### Goal of the exercise
Set down each line of the data below exactly as it stands, dropping the pictures.

:: Entries provided ::

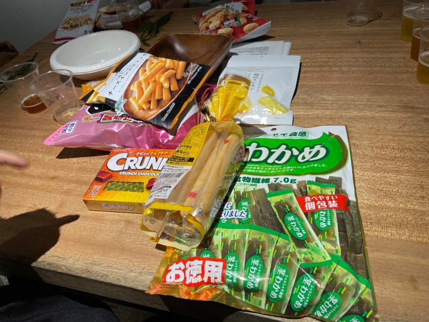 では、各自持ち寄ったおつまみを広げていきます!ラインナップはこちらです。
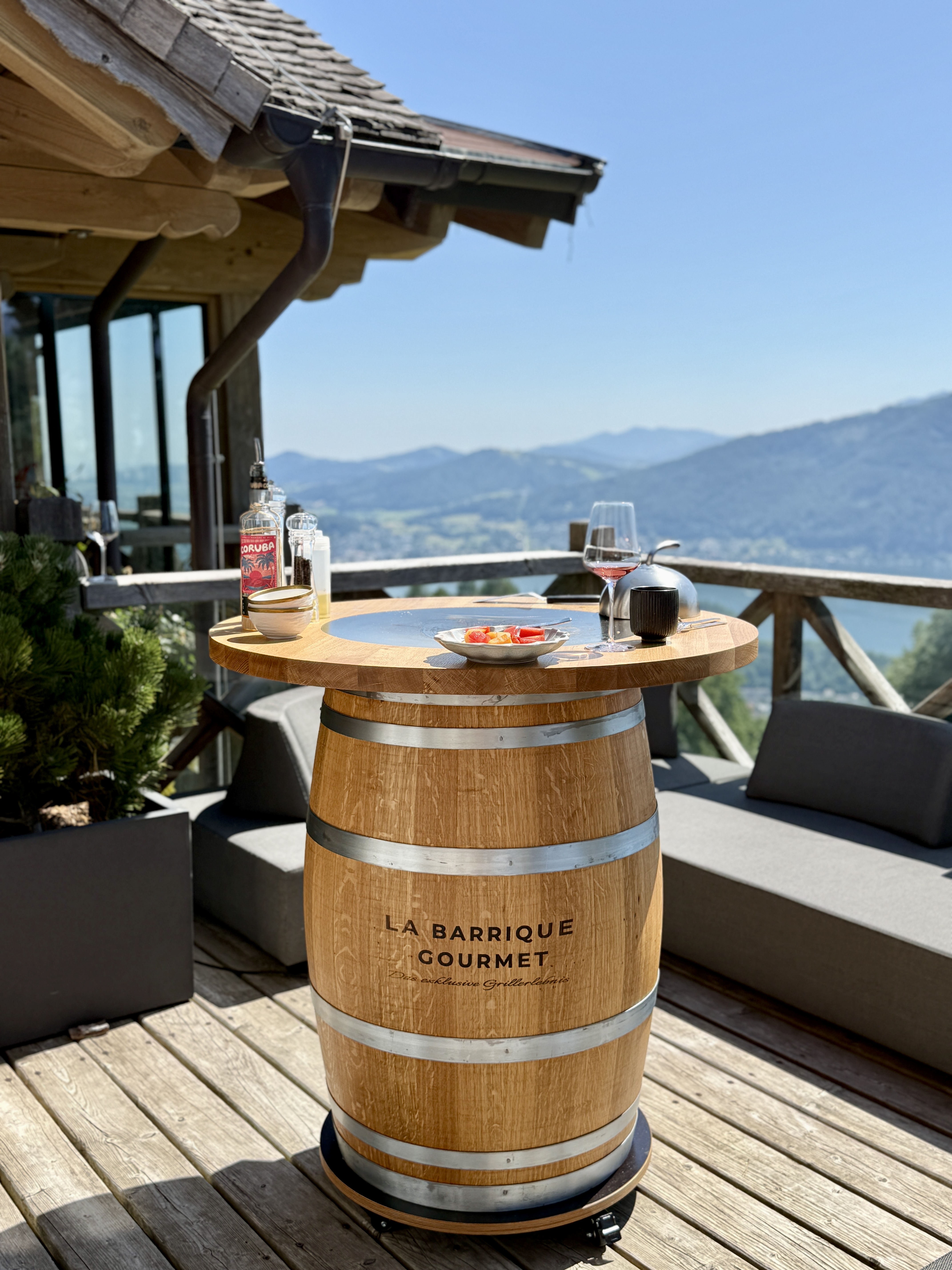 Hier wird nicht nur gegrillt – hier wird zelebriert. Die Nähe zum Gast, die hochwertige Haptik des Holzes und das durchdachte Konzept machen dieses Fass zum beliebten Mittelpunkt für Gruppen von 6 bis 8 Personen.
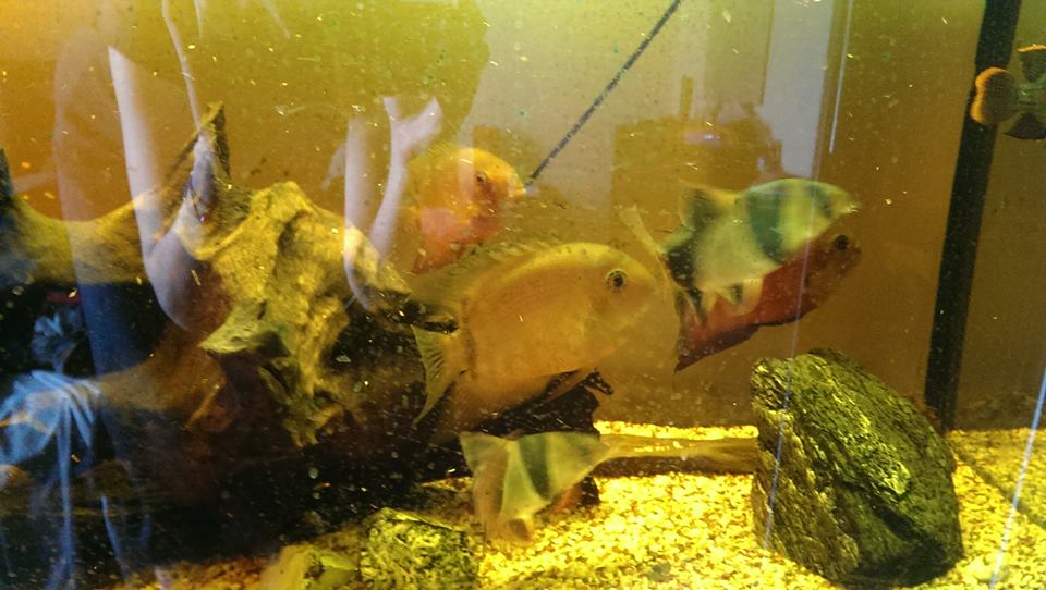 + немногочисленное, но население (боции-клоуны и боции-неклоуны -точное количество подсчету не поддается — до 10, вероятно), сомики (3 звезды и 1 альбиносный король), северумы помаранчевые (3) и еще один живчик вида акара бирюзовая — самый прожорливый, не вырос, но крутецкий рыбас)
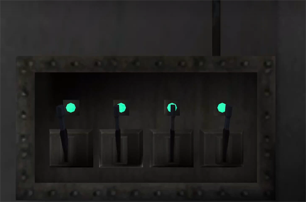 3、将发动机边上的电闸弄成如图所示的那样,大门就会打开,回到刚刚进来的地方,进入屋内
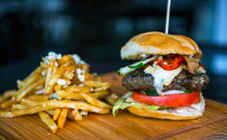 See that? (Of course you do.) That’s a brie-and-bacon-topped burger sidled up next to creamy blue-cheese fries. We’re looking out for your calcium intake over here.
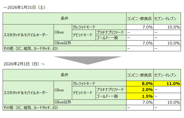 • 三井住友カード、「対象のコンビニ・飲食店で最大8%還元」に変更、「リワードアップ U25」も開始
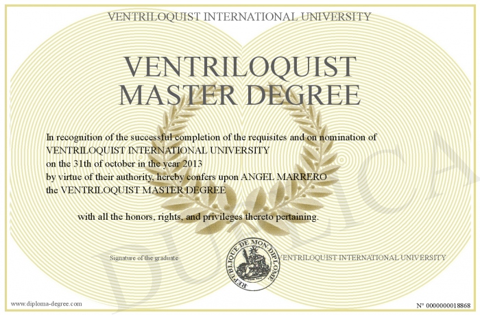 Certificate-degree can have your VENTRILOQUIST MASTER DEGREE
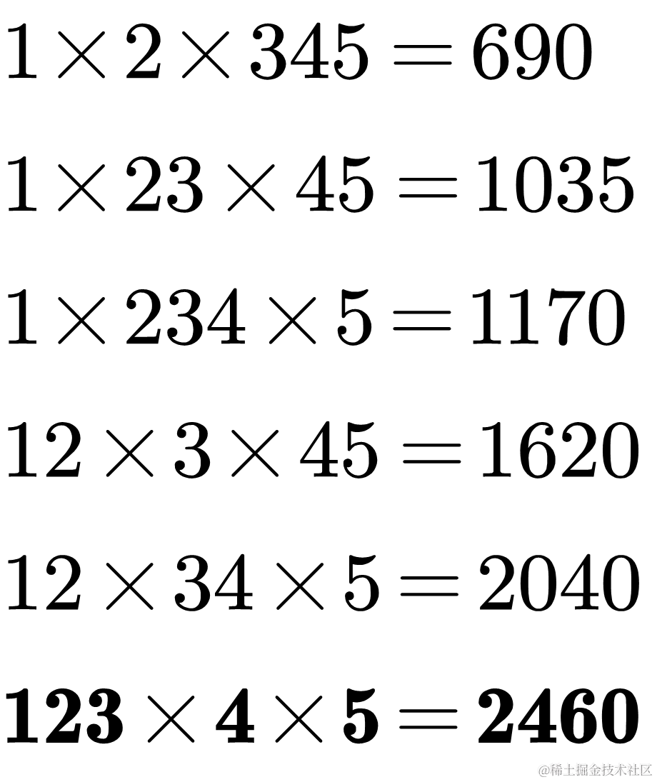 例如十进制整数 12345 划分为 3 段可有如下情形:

:::

### Solution
 では、各自持ち寄ったおつまみを広げていきます!ラインナップはこちらです。
 Hier wird nicht nur gegrillt – hier wird zelebriert. Die Nähe zum Gast, die hochwertige Haptik des Holzes und das durchdachte Konzept machen dieses Fass zum beliebten Mittelpunkt für Gruppen von 6 bis 8 Personen.
 + немногочисленное, но население (боции-клоуны и боции-неклоуны -точное количество подсчету не поддается — до 10, вероятно), сомики (3 звезды и 1 альбиносный король), северумы помаранчевые (3) и еще один живчик вида акара бирюзовая — самый прожорливый, не вырос, но крутецкий рыбас)
 3、将发动机边上的电闸弄成如图所示的那样,大门就会打开,回到刚刚进来的地方,进入屋内
 See that? (Of course you do.) That’s a brie-and-bacon-topped burger sidled up next to creamy blue-cheese fries. We’re looking out for your calcium intake over here.
 • 三井住友カード、「対象のコンビニ・飲食店で最大8%還元」に変更、「リワードアップ U25」も開始
 Certificate-degree can have your VENTRILOQUIST MASTER DEGREE
 例如十进制整数 12345 划分为 3 段可有如下情形:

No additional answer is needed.